=== Data below ===

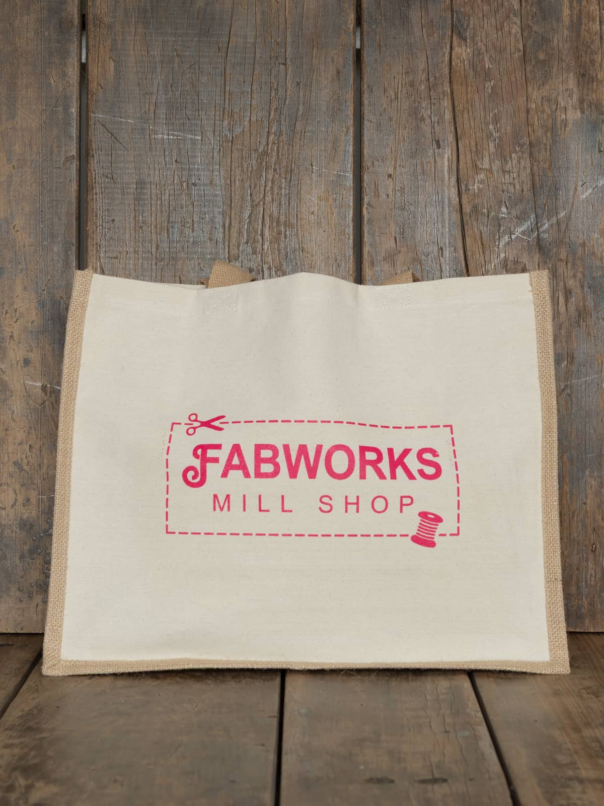 The comfortable double handles make it easy to carry, and the natural textures of canvas and hessian give it a classic, timeless appeal. Finished with the Fabworks Mill Shop logo, it feels instantly familiar and right at home among your creative tools.
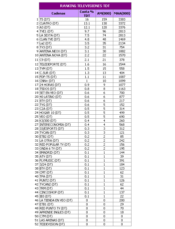 La apuesta por la TDT de Telecinco sigue sin levantar el vuelo, con una bajada de Telecinco 2, que se compensa con la insólita décima que consigue el canal de teletienda del grupo.
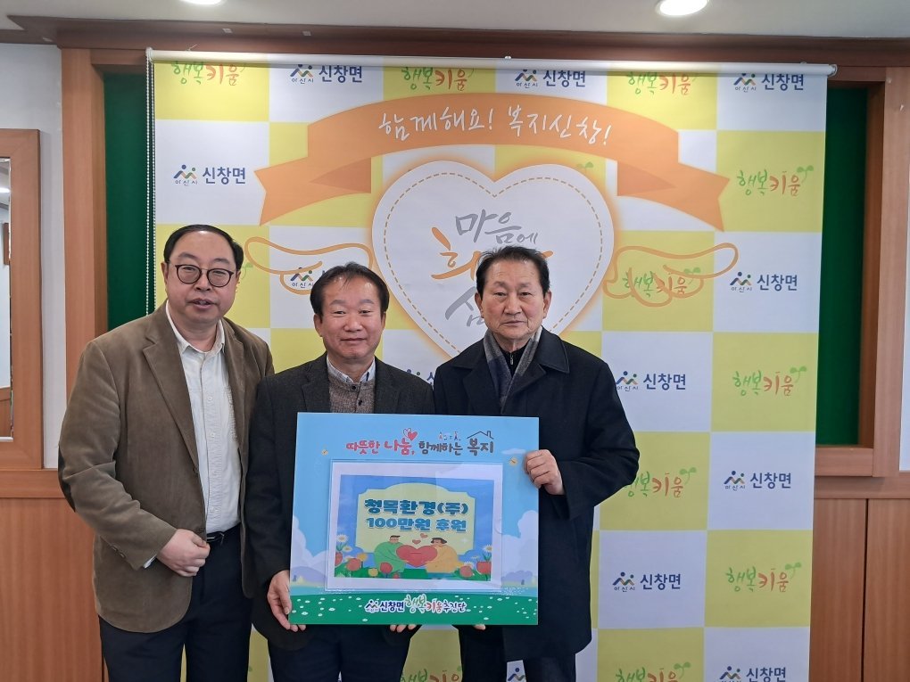 신창면 행복키움추진단 공동단장인 지민영, 박희성 단장은 "지역사회를 위한 따뜻한 나눔을 실천해주신 청목환경㈜에 깊은 감사의 말씀을 드린다"며 "기부해주신 소중한 후원금은 도움이 필요한 이웃들을 위해 의미 있게 사용하겠다"고 말했다.

===

* Exercise requirements: The answer must be the full listing, restated word for word, with no pictures in it.

* Solution:
 The comfortable double handles make it easy to carry, and the natural textures of canvas and hessian give it a classic, timeless appeal. Finished with the Fabworks Mill Shop logo, it feels instantly familiar and right at home among your creative tools.
 La apuesta por la TDT de Telecinco sigue sin levantar el vuelo, con una bajada de Telecinco 2, que se compensa con la insólita décima que consigue el canal de teletienda del grupo.
 신창면 행복키움추진단 공동단장인 지민영, 박희성 단장은 "지역사회를 위한 따뜻한 나눔을 실천해주신 청목환경㈜에 깊은 감사의 말씀을 드린다"며 "기부해주신 소중한 후원금은 도움이 필요한 이웃들을 위해 의미 있게 사용하겠다"고 말했다.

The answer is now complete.